De injury severity score (ISS) was hoger bij de 34 patiënten met gemiste verwondingen (12,6 vs 5,7; p < .0001)., Dit suggereert dat de ongeïdentificeerde verwondingen, of de bijbehorende pijn, een verstorende factor in het nauwkeurig beoordelen van de omvang van de verwonding zou kunnen zijn geweest. Het ISS wordt retrospectief bepaald door de trauma registrars en zou dus niet zijn veranderd op basis van onze definitie van een “gemiste blessure”.
De Glasgow Coma Score (GCS) van de twee groepen (gemiste verwondingen vs.geen gemiste verwondingen) was niet significant verschillend (14,8 vs 14,7). Echter, 6/34 (17,6 %) patiënten met gemiste verwondingen hadden een GCS van 14, terwijl slechts 2/67 (3,0 %) patiënten zonder gemiste verwondingen hadden een GCS van 14. (p = 0,08)., Hoewel niet significant, kan de trend hier tussen verschillen in mentale toestand een rol hebben gespeeld in de algemene nauwkeurigheid van onze geschiedenis en lichamelijke onderzoeken.
De gemiddelde leeftijd van de patiënten met “gemiste verwondingen” was ouder dan die met nauwkeurige diagnoses (42,8 vs 34,5: p < 0,03). Het is niet ongebruikelijk voor oudere patiënten om abnormale pijndrempels in een verscheidenheid van klinische scenario ‘ s. Dit kan een effect hebben gehad op de geschiedenis en fysieke onderzoeken van onze patiënten.
Het bleek niet dat alcohol een belangrijke rol speelde bij onze diagnose van verwondingen., Een totaal van 14/50 (28 %) patiënten in de groep zonder gemiste verwondingen hadden verhoogde bloedalcoholspiegels (BAL). Slechts 4/35 (11,4 %) van de patiënten in de groep met “gemiste verwondingen” had verhoogde BAL (p = 0,10).
De studie was oorspronkelijk bedoeld om een breder scala van clinici (medische studenten, chirurgische stagiaires en critical care fellows) ook voorspellingen te laten doen om gegevens te verzamelen van clinici met een meer gevarieerde reeks ervaringen, maar hun rotaties waren relatief kort en het aantal evaluaties door deze clinici was zeer klein., Gezien het beperkte aantal ervaringen van chirurgen binnen deze studie, is het mogelijk dat de nauwkeurigheid van de voorspellingen niet kan worden geëxtrapoleerd naar andere traumacentra of chirurgen.
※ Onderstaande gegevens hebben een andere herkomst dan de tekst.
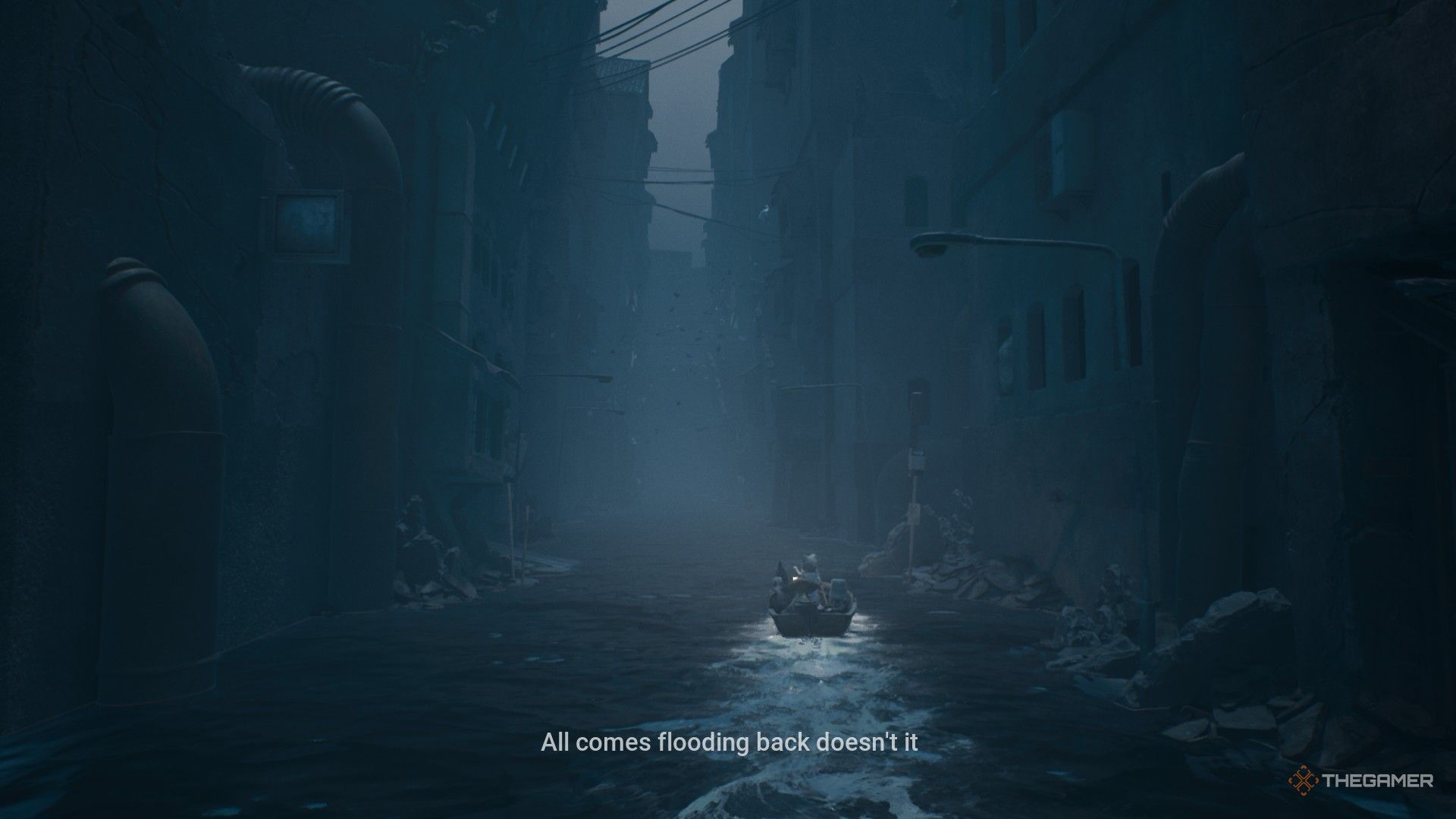 Когда будете готовы, продолжайте плыть по затопленному туннелю, избегая любых транспортных средств, пока не достигнете выхода. Вас вознаградит захватывающий вид на руины разрушенного района. Продолжайте движение по узким каналам, прислушиваясь к звукам играющих детей, пока не найдете место, чтобы пришвартовать свою лодку в том, что выглядит как облицованный плиткой коридор.

De resultaten van deze studie geven aan dat een volledige evaluatie, inclusief beeldvorming, bij traumapatiënten het meest voordelige zorgplan zal opleveren, maar verder onderzoek is vereist om deze bevindingen te bevestigen.
een aantal studies heeft betrekking op de diagnostische nauwkeurigheid van de geschiedenis/fysieke in een verscheidenheid van traumatische letsels., Niemand heeft gebruik gemaakt van een kleine, consistente en ervaren groep van clinici, zoals we deden in deze studie. Velen hebben gebruik gemaakt van retrospectieve grafiek reviews, in plaats van een prospectieve aanpak.
in de hoop het aantal CT-scans bij patiënten met stomp trauma te verminderen, zouden Tillou, Cryer en collega ‘ s bijna 17% van de verwondingen hebben gemist met behulp van hun eerste klinische evaluatie . Zelfs bij wakkere patiënten met een normaal onderzoek en stabiele hemodynamica, Salim et al. vond “klinisch significante bevindingen” in 3,5% van hoofd CT ‘s, 5,1% van cervicale CT’ s, 7,1% van abdominale CT ‘ s en 19,6% van borst CT scans., Deze bevindingen veranderden de behandeling van de patiënt bij 19% van de patiënten .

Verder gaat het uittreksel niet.